The core of accessibility support is a set of hooks in GTK that allow an external program to query applications about their GUI. For example, an external program can ask what buttons and menu items there are, their state, what their labels contain, and so on. This can be used by a screen reader to tell a blind user what's on the screen, for example.

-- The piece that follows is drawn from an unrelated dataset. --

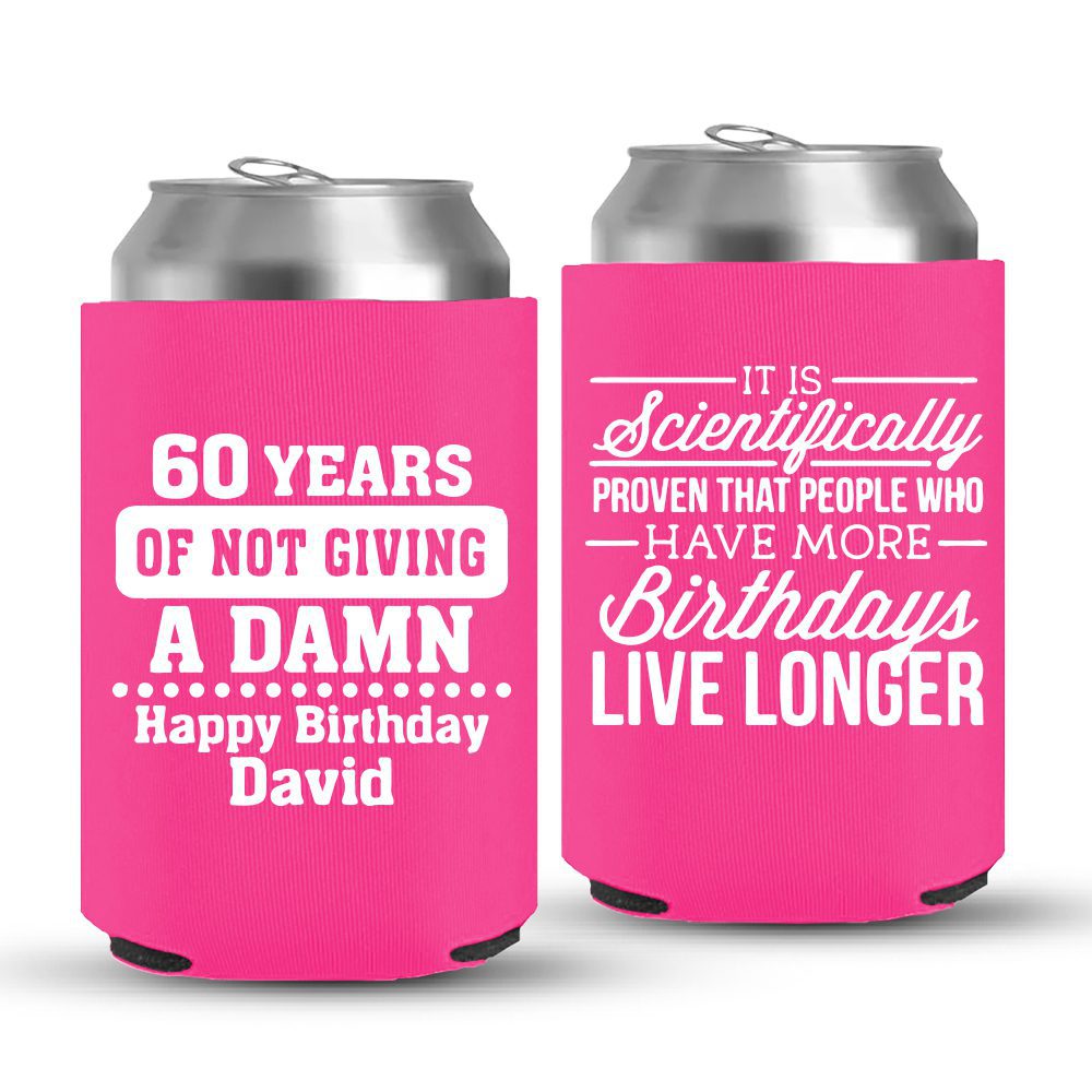 Give our birthday can coolers to your close ones as a birthday favor after throwing a memorable party. These 60th birthday can coolers are pre-designed with interesting quotes on two sides and the customization is applied to the name of an individual. Prepare the ultimate birthday with our birthday can coolers that are highly insulated and collapsible. We offer foam birthday can coolers in multiple colors and you can buy them in bulk at wholesale prices.

An example of why this is interesting even if you don't have a disability: you could write a high-level scripting feature with commands such as "activate the File menu, choose Open, select all, copy" - no one's working on this yet so it won't be in GNOME 2, but a macro recorder and playback system would be a simple project using the GNOME 2 platform. This kind of scripting would use high-level user-comprehensible GUI features and wouldn't depend on special application support for scripting, it'd just work automatically with any GTK app.

Procman

Procman is a really, really nice system monitor application that replaces GTop. It's attractive and easy to use.

Metatheme

Metatheme is a way of collecting themes for various desktop components (window manager, GTK, background image, etc.) into one "metatheme" and then selecting them as a whole. It's both the system for building the composite themes, and a control panel for picking one.

Assorted GUI tweaks

Small things that matter, for example:

Footnote on clipboard, cut-and-paste

Several people have asked about the clipboard. GTK has always done the right thing for the clipboard. See http://www.freedesktop.org/standards/clipboards.txt. If the clipboard doesn't work it's because some application is not following the spec correctly; please file bug reports for those applications. Note that Qt 2 does not follow the clipboard specs correctly, so correct applications do not interoperate with Qt 2. Qt 3 fixes this problem.

gdm eye candy

It appears that this kind of login screen will be supported, you define the screen in a special XML format and can use scalable SVG images in it. This isn't in the alpha yet but I have seen it running, I promise!

GEGL Invaders

Um, apparently we have this, but I haven't seen it and am not sure I want to... ;-)

More!

There are no doubt plenty of things I've left out, though we're kind of hoping to feature freeze shortly, and at that point we'll have to wait for 2.0.1 or 2.2 or whatever we call it to see more stuff. Since the platform will be held ABI-compatible for quite a while (most likely the next couple years), the focus will be on building out the user environment and applications.